Claire Baker, 15, is trying to gather 20,000 pairs of shoes during the next few months to send to people in Haiti.
At one point, the garage at 15-year-old Claire Baker's house in Maple Grove was so full of shoes, including everything from high-heeled stilettos to tiny rain boots, that there was no room to park.
Baker, a freshman at Totino-Grace High School in Fridley, has collected 13,000 pairs of shoes for people in Haiti since the Jan. 12, 2010 earthquake that devastated the country.
The effort goes back to a community service requirement she had in seventh-grade at St. Vincent de Paul School in Brooklyn Park.
Family friends Lee and Dawn Shelton, who started a charity out of their Roseville home called Flip Flop Fleet to supply shoes to the needy in Haiti and elsewhere, inspired her ongoing project.
The couple, who adopted two children from Haiti, had photos of people in the country wearing plastic soda bottles as a crude kind of footwear. It shocked Baker.

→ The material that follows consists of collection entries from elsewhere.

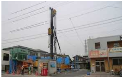
三河営業所建設開始

1月8日に三河営業所・倉庫新築工事の地鎮祭が執り行われました。雨模様の天気でしたが、弊社6名と施工関係の皆様11名の総勢17名が出席し、地元にある上地八幡宮の宮司様に来ていただき、厳かに行われました。2月に入り、いよいよ工事が着工しました。
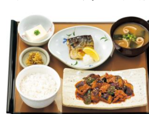
なす味噌と焼魚の定食 880円(税込)
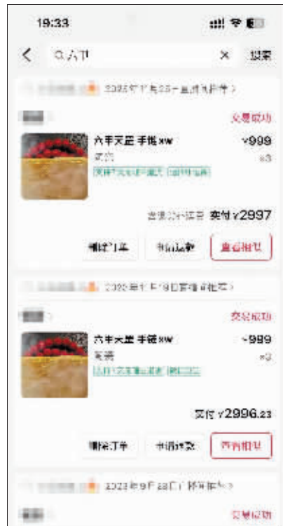
一些店铺消失，无法退货的订单。
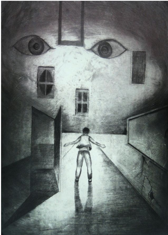
凝視 919 李丞憲 (版畫佳作)
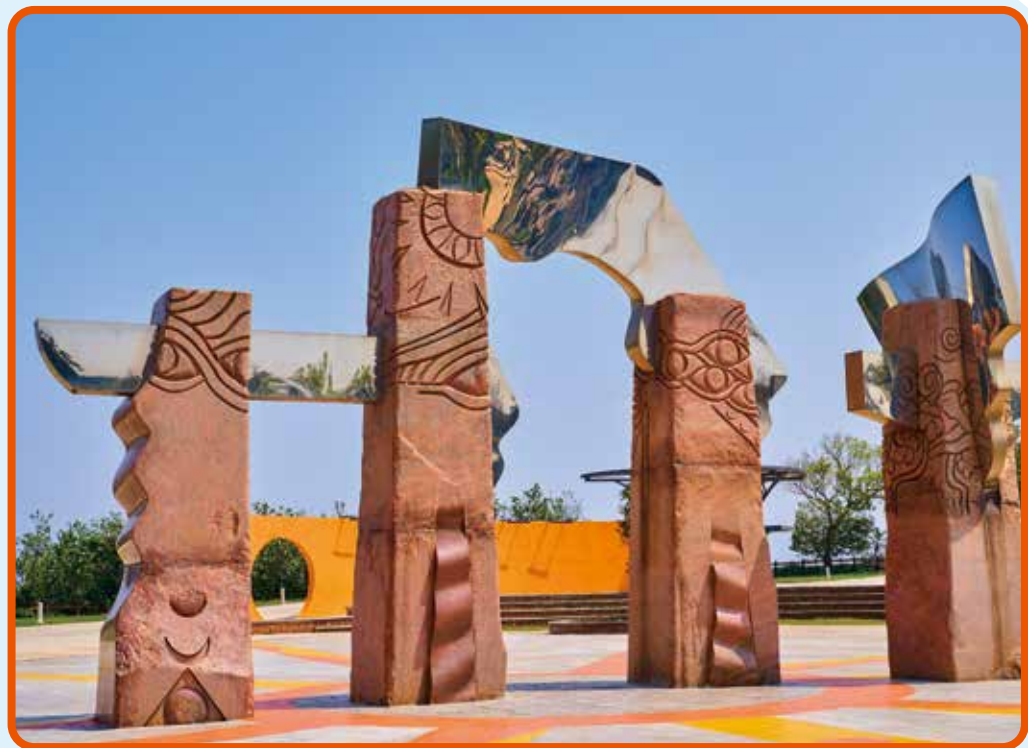
↑雕塑公園入口的「太陽之門」。劍井歷經歲月的洗鍊，擁有當地居民口耳相傳的傳奇故事。

在行經鐵砧山步道的途中便會經過雕塑公園，雕塑公園於去年全新落成，園區內放置了十件雕塑品，增添了鐵砧山的藝術氣息。雕塑公園是大甲區積極發展的重點觀光項目之一，溯自民國八十五年，

"I thought there was no way that people wouldn't have something as basic as shoes," Baker said. She wanted "to help them get through their tough times with a pair of shoes."
So she went from classroom to classroom telling her peers about how many people in Haiti are forced to choose between food and shoes.

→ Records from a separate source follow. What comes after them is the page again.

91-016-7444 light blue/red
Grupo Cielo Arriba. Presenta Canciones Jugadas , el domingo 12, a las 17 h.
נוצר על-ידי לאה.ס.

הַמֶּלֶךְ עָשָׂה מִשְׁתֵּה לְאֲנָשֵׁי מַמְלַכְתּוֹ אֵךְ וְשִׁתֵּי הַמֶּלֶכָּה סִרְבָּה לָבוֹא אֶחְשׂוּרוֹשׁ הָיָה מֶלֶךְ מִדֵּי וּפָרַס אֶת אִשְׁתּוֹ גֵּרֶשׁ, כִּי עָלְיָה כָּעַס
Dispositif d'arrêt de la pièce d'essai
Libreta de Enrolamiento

"Their [unprotected] feet can get cut and infected. They could die from disease because they don't have the medical facilities that we do," Baker said.

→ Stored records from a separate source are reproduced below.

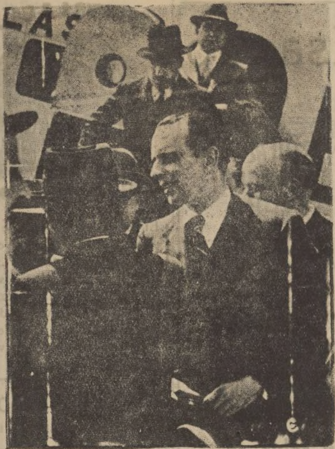
El ministro de Trabajo, señor Lluhí, al llegar en avión al aeropuerto de Barajas, procedente de Barcelona.
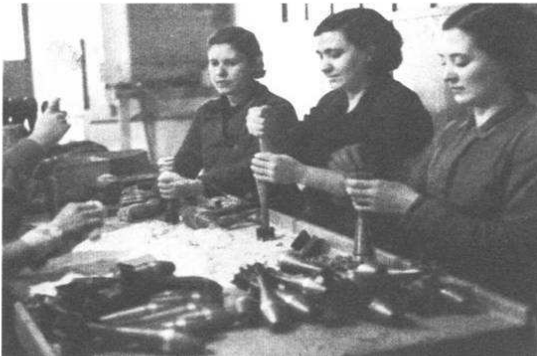
Fábrica de bombas

Os estados que entraron en guerra apostaban por unha guerra curta e tiñan a esperanza posta na resignación das mulleres, porque rexeitan as propostas femininas de servizo, que propoñían as feministas, deixando as súas reivindicacións a un lado.
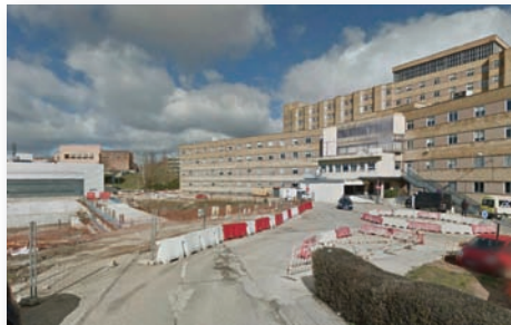
Obras en el Hospital de Salamanca

Salamanca sigue esperando su Hospital, mientras el resto están terminados
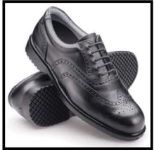
1. Sepatu Kerja – Anti Slip
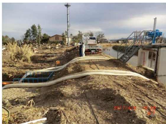
排水ポンプ車展開状況 (4/8)
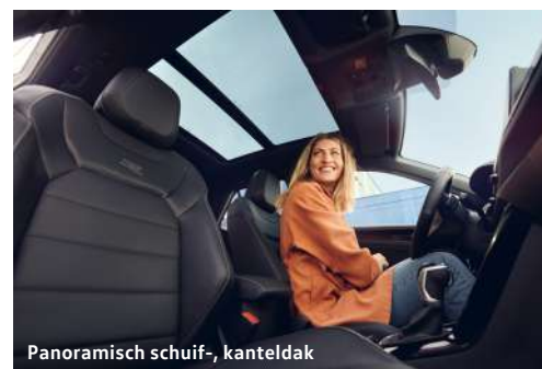
Panoramisch schuif-, kanteldak

Zelfs in het donker is de T-Roc een opvallende verschijning. De IQ.LIGHT LED Matrix koplampverlichting zorgt er namelijk voor dat jij niet te missen bent en altijd optimaal zicht hebt. Zonder andere weggebruikers te verblinden. Daar zorgt de Dynamische grootlichtassistent 'Dynamic Light Assist' voor.

Furthermore, to go to school -- where many Haitian children get their only meal of the day -- they're required to wear shoes.
Baker, who expected to receive 250 pairs of shoes within that two-month period, wound up with 5,000 pairs. "It blew up and it just kept going," she said.
Now, Baker is taking her project to local schools, businesses and churches.
On one occasion, an entire congregation left their shoes on the altar, going home in the rain in their socks.
Shoes also frequently appear on her doorstep.
Today, Baker is striving to collect an additional 20,000 pairs of shoes by the end of April, in the hopes of winning a trip to Haiti with Soles4Souls, a Nashville-based nonprofit shoe charity.
"The shoe collector," as many people know her, has enlisted 40 friends around the metro area to pull it off. Also, as a part of national Catholic Schools Week activities, a handful of area schools are participating in a weeklong shoe drive.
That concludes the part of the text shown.